Henry died in 1901. In his honor, Evangeline commissioned several memorials to him, which includes the bell tower for the Cathedral of Our Merciful Saviour.[5] She stayed in Minnesota following his death and continued supporting the community.[2] In 1902, she traveled to Italy with Cleveland. They corresponded when apart.[6]

In 1910, Whipple left Minnesota for Italy, traveling with Cleveland, to be with her terminally ill brother, Kingsmill Marrs and never returned to the United States.[2] Whipple moved to Bagni di Lucca and the two women spent the next eight years doing philanthropic and civic work, such as building an orphanage. In recognition of their contribution to the city, Bagni di Lucia named a street after Whipple.[7] Whipple often socialized with her friends such as Nelly Erichsen in the three houses that she owned.[2]

After the onset of the Great War, both Whipple and Cleveland volunteered for the Red Cross in Italy, in addition to their friend Erichsen. During the war, Whipple also worked to address the Spanish flu pandemic and transport people displaced due to the war to Bagni di Lucca by providing humanitarian aid. Erichsen contracted Spanish influenza during the 1918 flu pandemic, and died shortly after the end of the war. Cleveland also died several days later from the flu after nursing for Erichsen.[2]

Whipple continued to travel around Europe and advocate for women's issues around the continent. In 1928, A Famous Corner of Tuscany written by her was published. It was dedicated to Cleveland.[2][8][9]
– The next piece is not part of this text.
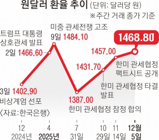 미국이 금리를 낮추면 달러 가치가 떨어지고 외국인 자금 이탈 우려가 줄어 환율이 안정될 것이란 전망이 있는 반면, 미국 증시가 강세를 보이면 국내 투자자들의 해외 주식 매수가 더 늘어 환율이 다시 오를 수 있다는 반론도 나온다. 오는 19일 예정된 일본은행의 금리 인상 여부도 변수다. 일본이 금리를 올리면 엔화 가치가 강해지고, 엔화와 움직임이 비슷한 원화도 함께 강세를 보일 수 있다.

In 1930, Evangeline fell ill while traveling in London, and died shortly after in 1930. She was buried alongside Cleveland in the English Cemetery section in Bagni di Lucca.[2] In her will, she left millions of dollars to schools, churches, people, and Native American programs in Minnesota that she worked with.[2] It is believed that she gave a total of what would have been $53 million in 2013 to the St. Mary's School for Girls, now called the Shattuck-Saint Mary's.[10]

Archived at the Minnesota Historical Society is the correspondence, described as love letters, between Evangeline and Cleveland. It is part of the Whipple-Scandrett collection.[8]
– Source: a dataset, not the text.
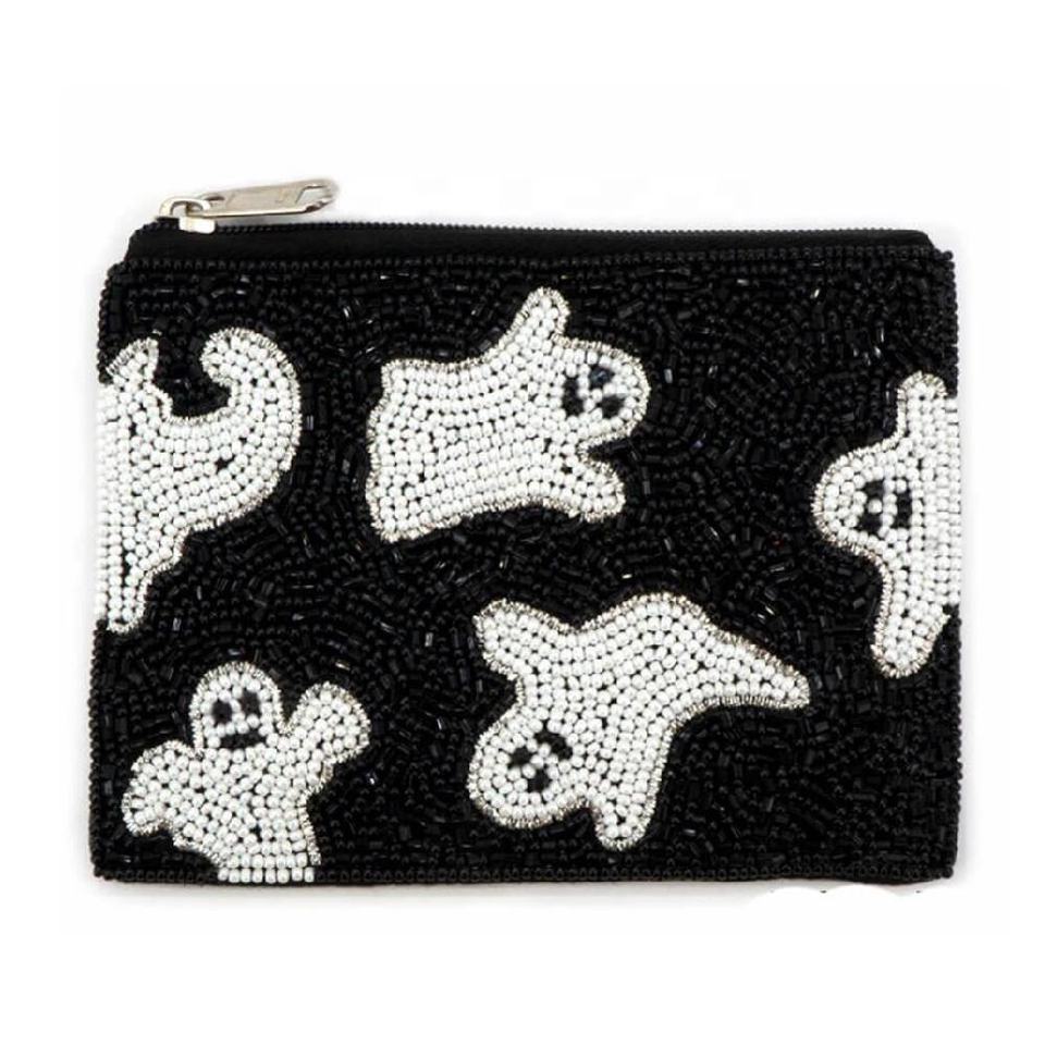 Nouvelle pochette à monnaie perlée avec motif fantôme d'Halloween, fermeture éclair, broderie, petite bourse à monnaie pour clés, argent liquide, cartes, multi-usages

Her influence on the Faribault, Minnesota area was portrayed in Rice County Historical Society's version of A Night at the Museum that features historical people in a 2013 event.[11] The historical society received a grant from Minnesota Historical Society in the amount of $9,800 to produce archives of Whipple's life. Tilly Laskey, who traveled to Tuscany to research Whipple's live and is considered the "premier historian" on her legacy, was expected to be commissioned to work on the project called "Hidden in Plain Sight: Recovering Evangeline Marrs Whipple’s Minnesota Story Through Archival Research."[10]